Dans cet arrêt, un architecte, qui avait conçu et réalisé l’œuvre architecturale inaugurée en 1995, destinée à recevoir les collections du « Musée d’Arles antique », ayant constaté que le département des Bouches-du-Rhône avait fait entreprendre, sans son accord, des travaux d’extensions du bâtiment dans le dessin d’y exposer un bateau de commerce gallo-romain retrouvé dans le Rhône en 2004, a assigné le département pour voir ordonner la remise de l’état de l’œuvre et le versement de diverses sommes à titre de dommages et intérêts.
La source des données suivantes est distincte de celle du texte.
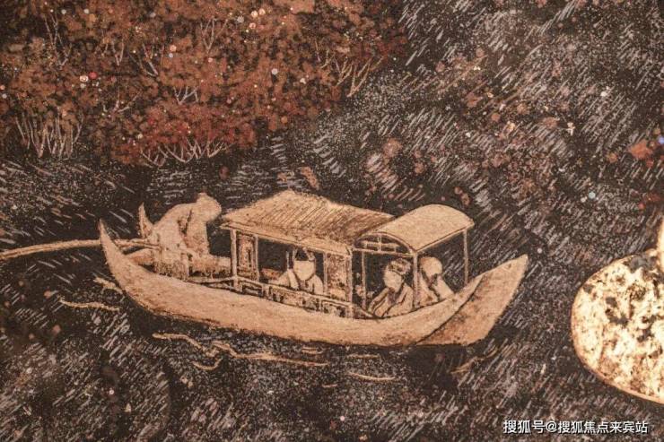 下面这幅作品名为《金缕》,既有贝壳的微妙光泽与色彩变幻,又与底漆色彩、质感完美融合,营造出丰富的视觉层次和温暖含蓄的东方意境,成就了作品独特的艺术魅力与持久生命力。

Ses demandes ont été rejetées aussi bien par les juges du fond que par la Cour de cassation aux motifs qu’:


« Il incombe à l’auteur d’établir l’existence de l’atteinte portée à ses droits, dont il demande la réparation ; l’arrêt énonce exactement que, si la vocation utilitaire d’un bâtiment commandé à un architecte interdit à celui-ci d’imposer une intangibilité absolue de son œuvre, il importe cependant, pour préserver l’équilibre entre les prérogatives de l’auteur et celles du propriétaire de l’œuvre architecturale, que les modifications apportées n’excédent pas ce qui est strictement nécessaire à l’adaptation de l’œuvre à des besoins nouveaux et ne soient pas disproportionnées au regard du but poursuivi ; il retient que la découverte de la barque datant de l’époque romaine déclarée « trésor national » ainsi que de sa cargaison, et la nécessité d’exposer cet ensemble dans le musée considéré, caractérisent l’existence d’un besoin nouveau qui, pour être satisfait, commandait la construction d’une extension, des lors que l’unité qui s’attachait au bâtiment muséal, excluait l’édification d’un bâtiment séparé ; qu’il relève que, bien que l’extension réalisée modifie la construction d’origine, elle reprend néanmoins les couleurs originelles, blanche des murs et bleue des façades, et qu’il n’est pas démontré qu’elle dénature l’harmonie de l’œuvre ».


La haute juridique précise que « la cour d’appel a déduit, sans inverser la charge de la preuve, que M. X. (l’architecte) n’établissait pas que ces modifications nécessaires, apportées à un bâtiment utilitaire, étaient disproportionnées par rapport au but poursuivi ».


En somme, en l’absence de preuve, par le propriétaire, du caractère indispensable des modifications, qui peuvent résulter « d’impératifs esthétiques, techniques ou de sécurité publique, ou encore être légitimées par les nécessités du service public » , l’atteinte au droit moral de l’auteur est constatée.


Dans le cadre d’une œuvre utilitaire, comme l’œuvre architecturale, les juges vont plutôt rechercher un « équilibre entre les prérogatives de l’auteur et celles du propriétaire de l’œuvre architecturale » . La vocation utilitaire d’une œuvre ne prive pas non plus l’auteur de ses droits.